2. Results and Discussion
2.1. Assessing the Performance of the MALDI-TOF MS Profiles in Discriminating Milk Species
After acquisition of six independent MALDI-TOF MS samples from she-donkey’s, goat’s, cow’s, ewe’s, and buffalo’s crude milks, spectra were visually inspected (Figure 1) and the resulting flattened profiles were compared by gel-like representations, analyzed by unsupervised hierarchical clustering (Figure 2a) and PCA (Figure 2b) using the integrated software Biotyper 3.1 (Bruker Daltonics, Bremen, Germany), and finally by bootstrapped (n = 1000) clustering (Figure 2c) and correlation matrices (Figure 2d) with external statistical software (R Bioconductor, Fred Hutchinson Cancer Research Center, Seattle, WA, USA).

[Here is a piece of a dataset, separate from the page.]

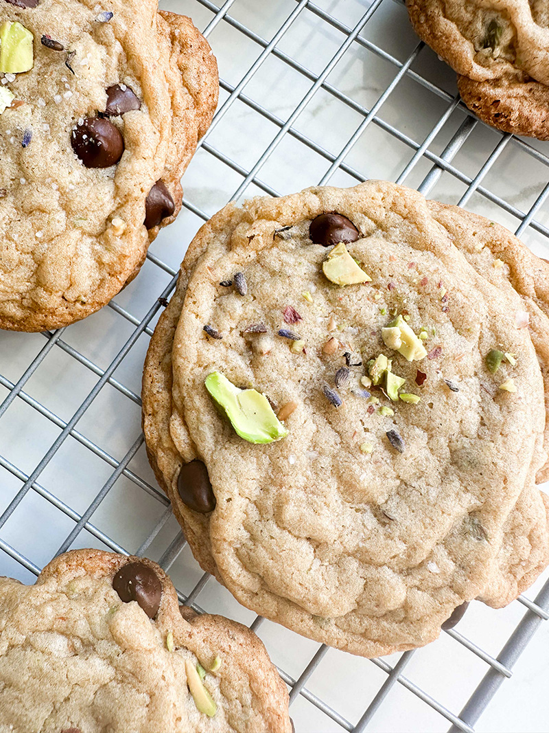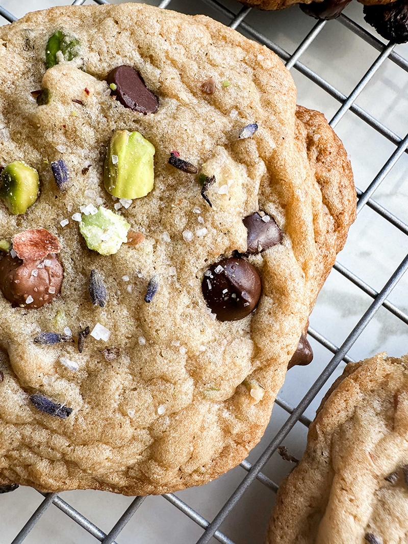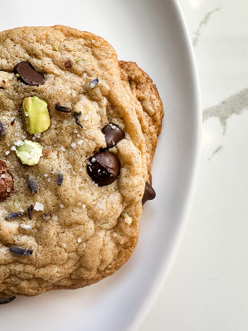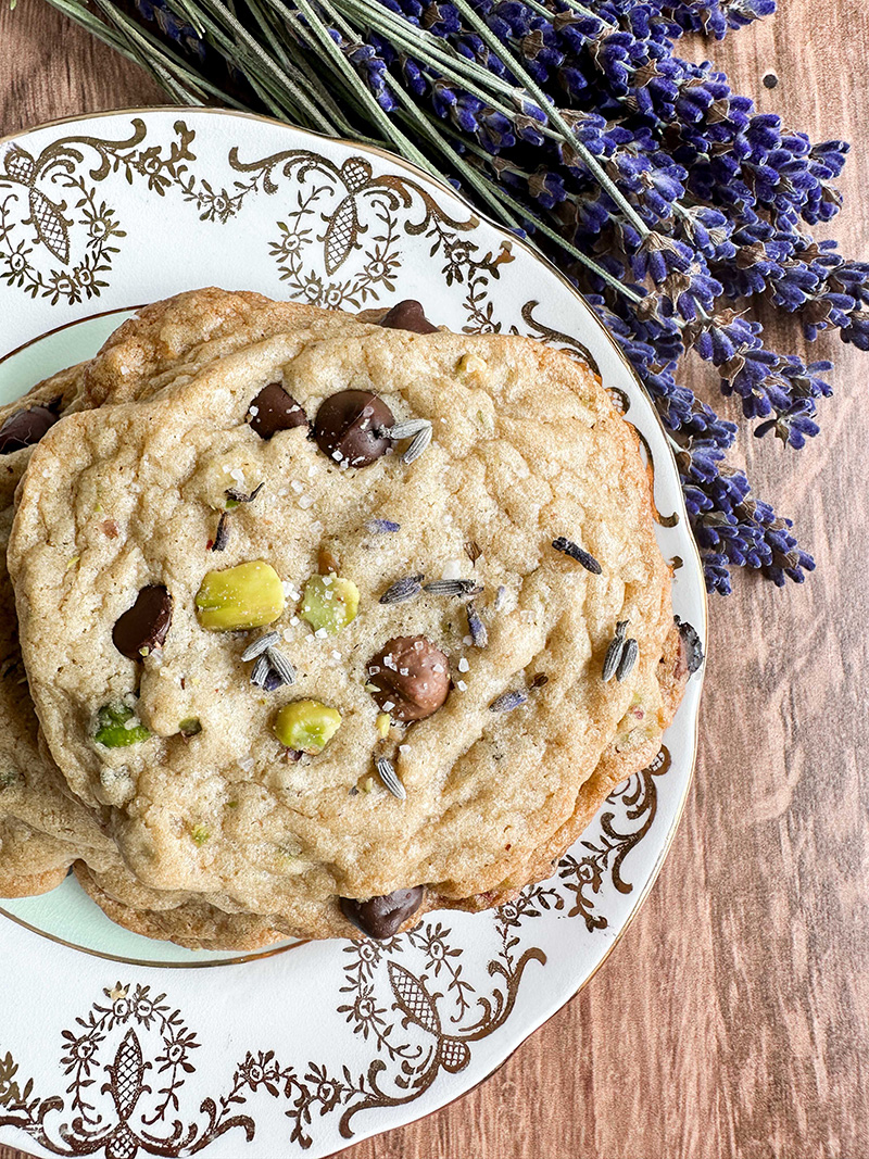 This remix is a fragrant nod to Italy’s love of baking with simple, seasonal ingredients. Julie Thurgood-Burnett of Hereward Farms infuses her farm-grown lavender with the timeless pairing of pistachios and chocolate—two ingredients deeply rooted in Italian desserts, especially in Sicily, where pistachios reign.

According to the dendrogram (Figure 2a) obtained by clustering the replicated profiles of the five milks and the PCA representation (Figure 2b), we found that the six mass spectra for each milk closely clustered together, whereas the different types of milk resulted well separated from each other. GM and EM displayed the lowest distance (D = 0.39) and clustered in the same clade, proximate to CM. BM and DM (D = 1.18) generated a second clade which in turn clustered with the larger clade formed by GM, EM and CM (D = 1.16). The bootstrapping procedure performed on external software (Figure 2c) confirmed the reliability of the Biotyper elaboration. The Pearson’s correlation matrix obtained from all the profiles displayed a high intra-group similarity and a low inter-group correlation (Figure 2d). GM and EM samples correlated quite well, and this result is in agreement also with clustering analysis that locates these two milks in the same clade.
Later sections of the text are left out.